Without copying any picture, return all lines below exactly.

## Recorded data
╔══
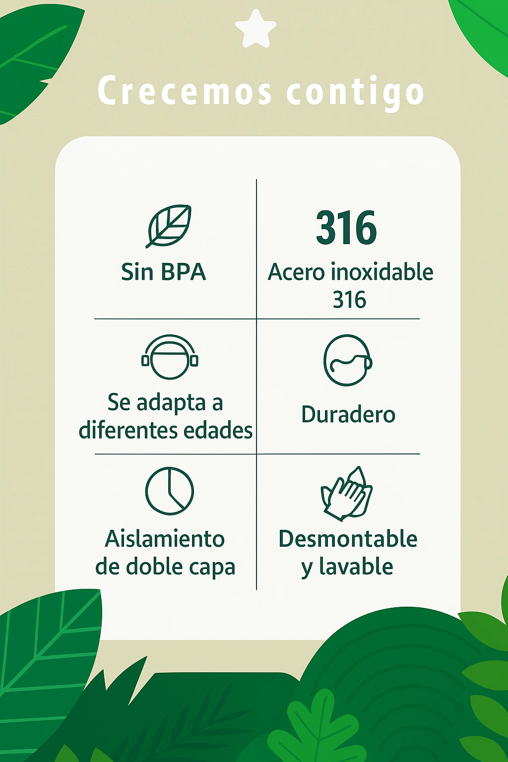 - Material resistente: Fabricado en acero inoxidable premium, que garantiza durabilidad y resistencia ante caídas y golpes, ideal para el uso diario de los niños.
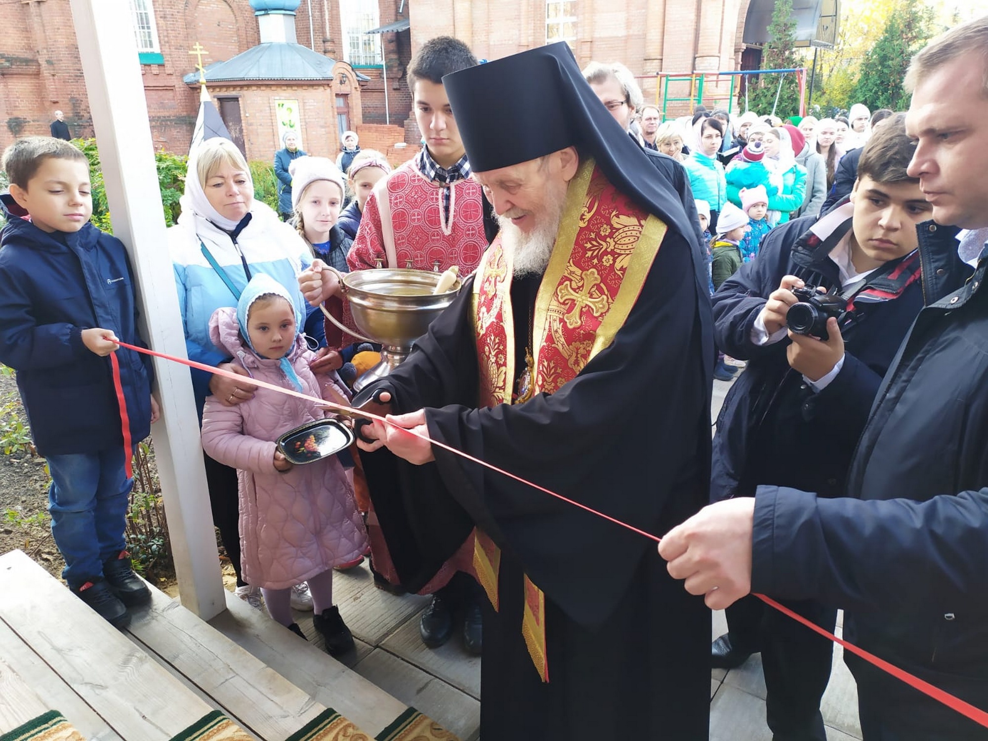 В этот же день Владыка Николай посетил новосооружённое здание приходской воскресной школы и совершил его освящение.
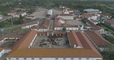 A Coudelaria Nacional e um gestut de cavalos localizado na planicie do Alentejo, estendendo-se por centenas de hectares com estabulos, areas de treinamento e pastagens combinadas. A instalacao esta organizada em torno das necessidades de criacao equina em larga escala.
╚══
## Response for this exercise
 - Material resistente: Fabricado en acero inoxidable premium, que garantiza durabilidad y resistencia ante caídas y golpes, ideal para el uso diario de los niños.
 В этот же день Владыка Николай посетил новосооружённое здание приходской воскресной школы и совершил его освящение.
 A Coudelaria Nacional e um gestut de cavalos localizado na planicie do Alentejo, estendendo-se por centenas de hectares com estabulos, areas de treinamento e pastagens combinadas. A instalacao esta organizada em torno das necessidades de criacao equina em larga escala.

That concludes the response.